MATERIAL PROVIDED:
=====

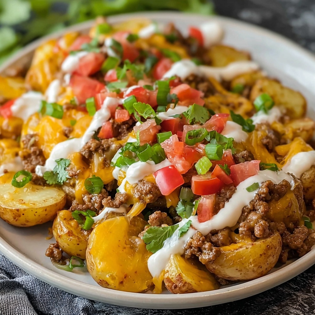 If you are craving something that combines all the best flavors of a taco with the comfort of crispy roasted potatoes, then this Cheesy Taco Potatoes Recipe is precisely what you need. Bursting with smoky spices, melty cheddar and Monterey Jack cheeses, and topped with fresh green onions and cilantro, this dish is a lively celebration of textures and bold tastes. Whether you need a satisfying snack, a crowd-pleasing appetizer, or a side that steals the spotlight, these cheesy taco potatoes deliver delight in every bite.
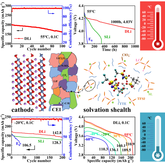 “The diluted high concentration sulfolane-based electrolyte with lithium perchlorate additive realizes the wide-temperature application in high voltage cells. This combination improves the lithium-ion transference and reduces the desolvation energy, while inhibiting the continuous decomposition of the electrolyte and the acute deterioration of the cathode at high temperatures,” said Lian. “Our work provides a comprehensive understanding of the molecular design of the electrolyte, facilitating the development of high energy density lithium batteries.”
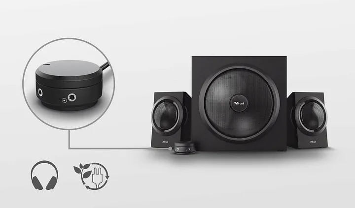 Głośniki TRUST Yuri 2.1 wyróżniają się eleganckim i dopracowanym designem. Obudowy wykonane są z wysokogatunkowego drewna i plastiku, co gwarantuje nie tylko estetyczny wygląd, ale także trwałość i niezawodność.

=====

Verbatim output, no pictures: the line holding "diluted high concentration" and all lines after it through the last line of the material, with nothing else.

ANSWER TO THIS EXERCISE:
 “The diluted high concentration sulfolane-based electrolyte with lithium perchlorate additive realizes the wide-temperature application in high voltage cells. This combination improves the lithium-ion transference and reduces the desolvation energy, while inhibiting the continuous decomposition of the electrolyte and the acute deterioration of the cathode at high temperatures,” said Lian. “Our work provides a comprehensive understanding of the molecular design of the electrolyte, facilitating the development of high energy density lithium batteries.”
 Głośniki TRUST Yuri 2.1 wyróżniają się eleganckim i dopracowanym designem. Obudowy wykonane są z wysokogatunkowego drewna i plastiku, co gwarantuje nie tylko estetyczny wygląd, ale także trwałość i niezawodność.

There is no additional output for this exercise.